• Task
The whole listing below should be printed again exactly, with no images.

• Available data

=====

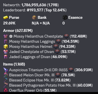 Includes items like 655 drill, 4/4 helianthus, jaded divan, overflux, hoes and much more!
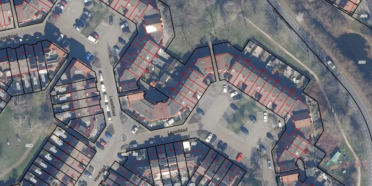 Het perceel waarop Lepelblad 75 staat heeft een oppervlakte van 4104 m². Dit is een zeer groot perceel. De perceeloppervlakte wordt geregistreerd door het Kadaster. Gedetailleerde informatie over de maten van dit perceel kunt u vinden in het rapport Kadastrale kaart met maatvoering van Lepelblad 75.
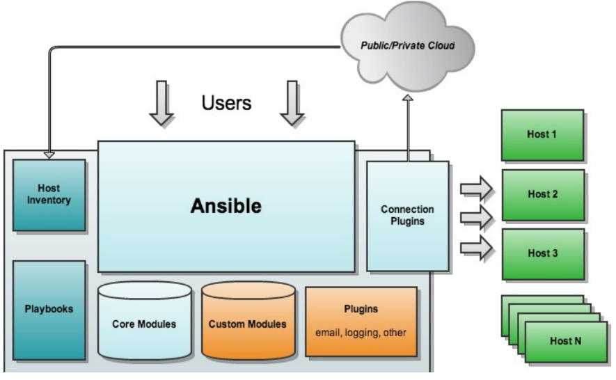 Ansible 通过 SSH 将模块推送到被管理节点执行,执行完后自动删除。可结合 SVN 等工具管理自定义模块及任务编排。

=====

• Output of the task
 Includes items like 655 drill, 4/4 helianthus, jaded divan, overflux, hoes and much more!
 Het perceel waarop Lepelblad 75 staat heeft een oppervlakte van 4104 m². Dit is een zeer groot perceel. De perceeloppervlakte wordt geregistreerd door het Kadaster. Gedetailleerde informatie over de maten van dit perceel kunt u vinden in het rapport Kadastrale kaart met maatvoering van Lepelblad 75.
 Ansible 通过 SSH 将模块推送到被管理节点执行,执行完后自动删除。可结合 SVN 等工具管理自定义模块及任务编排。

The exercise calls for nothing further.